Using Apache HiveQL
Also available as:
PDF

Create, use, and drop an external table

You must use an external table, which is a table that Hive does not manage, to import data from a file on HDFS, or from another file system, into Hive.

This task shows how to create an external table, store the data in Hive using a managed table, and drop the external table. You create an external table and load data from a file into the table. You then use a Hive managed table to store the data in Hive. This task demonstrates that a major difference between an external and a managed (internal) table is the persistence of table data on the files system after a DROP TABLE statement.

  • External table drop: Hive drops only the metadata, which consists mainly of the schema definition.
  • Managed table drop: Hive deletes the data and the metadata stored in the Hive warehouse.

The external table data, which exists on the files system outside Hive, remains on the file system after you drop the external table. You can make the data available once again by issuing another CREATE EXTERNAL TABLE statement to load the data from the file system.

This task also shows how to use the LOCATION clause in the CREATE TABLE statement to specify the location of an external table as shown below; otherwise, Hive uses the location specified by hive.metastore.warehouse.dir. Specifying a database location in the CREATE DATABASE command, for example CREATE DATABASE <managed table db name> LOCATION '<path>' works for managed tables only.

As administrator, you need to add ACLs to allow groups or users to create databases and tables on the file system when using Storage-Based Authorization (SBA).
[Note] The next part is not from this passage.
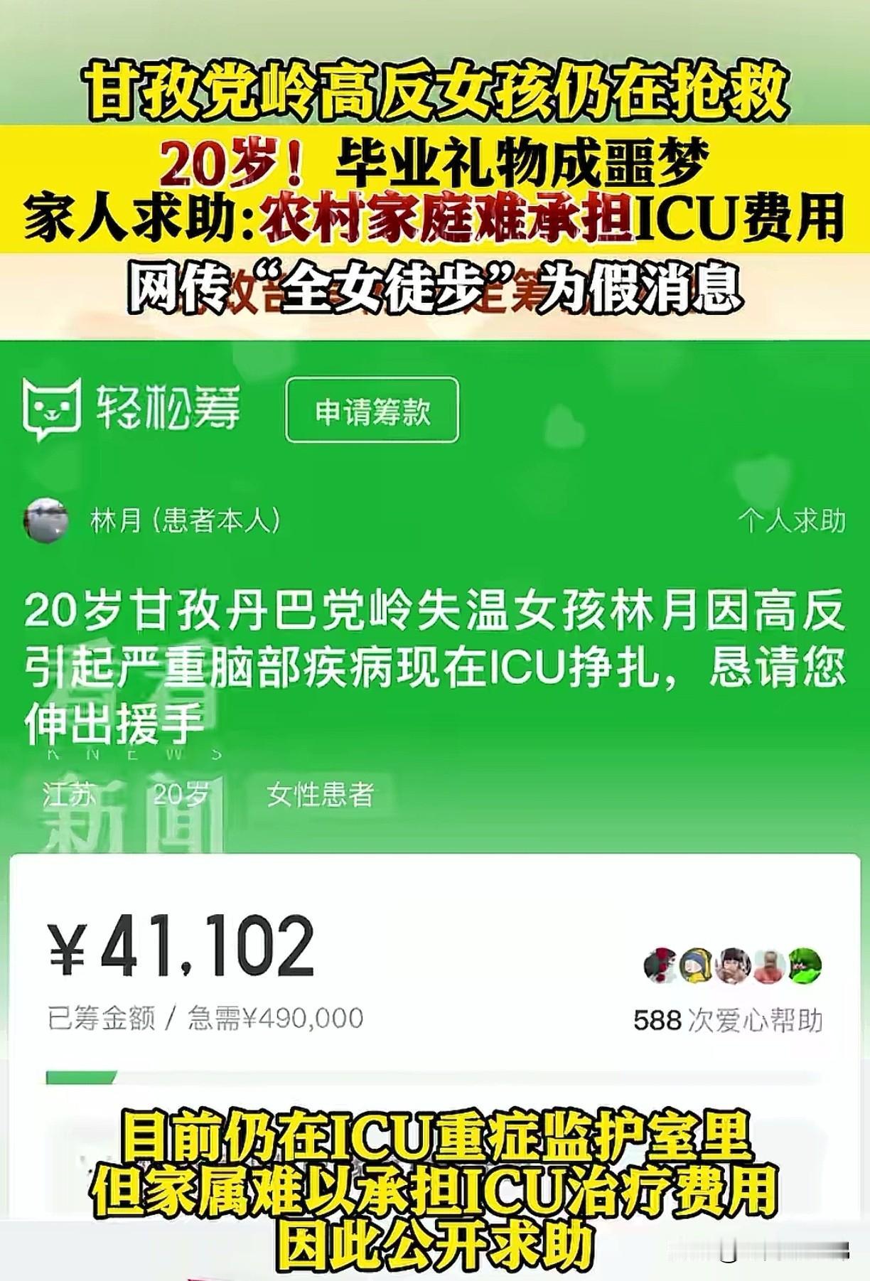 你徒步玩乐,出事了网友买单?徒步失温女孩才被救,ICU住了2天,父母在网上公开众筹,多数网友不买账。有网友说,自己家里人出事的时候,都是先卖车卖房,能借的借,能凑的凑,实在没办法了才去众筹,他这是才2天就开始众筹,家里一点积蓄都没有吗? 据说女孩是农村家庭,供孩子读完书,手里没有什么积蓄的农村家庭不在少数。而且女孩刚卫校毕业,估计也没有啥积蓄,ICU一天要烧好多钱啊,她这又是水肿,又是脑疝的,各种并发症都来了。 更有人说,我在苦逼加班的时候,你在徒步玩乐,出了事让我众筹? 其实捐不捐款都是个人意愿,如果你觉得心疼一个20岁的姑娘,以后还有美好人生,手头刚好有富余,愿意捐就捐点,就当积德行善了,不愿意捐也没事。 甘孜党龄的蓝天白云确实好看,谁不想去看看,只是我们都迫于各种现实困扰,无法实现。一个20岁,困于校园十几年的姑娘,想去看看外面的世界,能理解,但是一定要在自己的能力范围内。不是什么东西都可以随便尝试的,弄不好失了健康,甚至是生命! 登山之前先衡量一下,自己有没有经验,准备够不够充分,身边有没有有经验的人陪伴,遇到突发状况该如何应对。 人还是要敬畏自然,珍爱生命,量力而行,觉察身体有不适,立刻返程。徒步真的不是想象的那么容易,一瓶矿水,一个手机,一个充电宝就可以的! 徒步坠崖 徒步失踪 徒步失踪 爬山失温 女孩获救 女生徒步 徒步女子 深山获救

  1. Create a text file named students.csv that contains the following lines.
    1,jane,doe,senior,mathematics
    2,john,smith,junior,engineering               
  2. Create a directory on HDFS in the users directory called names, and put students.csv in the directory.
    Enter the following Hadoop command on the command-line of a node in your cluster:
    hdfs dfs -mkdir /tmp/names
    hdfs dfs -put students.csv /tmp/names
    hdfs dfs -chmod 777 /tmp/names
  3. Type hive on the command line of a node on your cluster to start the Hive shell.
  4. Create an external table schema definition that specifies the text format, loads data from students.csv located in /tmp/names, and stores the external table in a /hive subdirectory of /tmp/names.
    0:jdbc:hive2://c7402.ambari.apache.org:2181,> CREATE EXTERNAL TABLE IF NOT EXISTS names_text(
      student_ID INT, FirstName STRING, LastName STRING,    
      year STRING, Major STRING)
      COMMENT 'Student Names'
      ROW FORMAT DELIMITED
      FIELDS TERMINATED BY ','
      STORED AS TEXTFILE
      LOCATION '/tmp/names';
  5. Verify that the student names are stored in the external table.
    0: jdbc:hive2://c7402.ambari.apache.org:2181,> SELECT * FROM names_text;
  6. Create the schema for a managed table.
    0: jdbc:hive2://c7402.ambari.apache.org:2181,> CREATE TABLE IF NOT EXISTS Names(
      student_ID INT, FirstName STRING, LastName STRING,    
      year STRING, Major STRING)
      COMMENT 'Student Names'
      STORED AS ORC;
  7. Verify that the student names are stored in the external table.
    0: jdbc:hive2://c7402.ambari.apache.org:2181,> SELECT * FROM Names;
  8. Move the external table data to the managed table.
    0: jdbc:hive2://c7402.ambari.apache.org:2181,> INSERT OVERWRITE TABLE Names SELECT * FROM names_text;
  9. Verify that the data from the external table resides in the managed table, drop the external table, and the external table schema definition, on the other hand, is lost.
    DROP TABLE Names_text;
    Select * from Names; // Names returned from the managed table
    Select * from names_text; // External table schema definition is lost                 
    The results from the managed table Names appears in the output. The query to select names_text returns no results because the external table schema is lost. The students.csv file on HDFS containing student names data remains intact.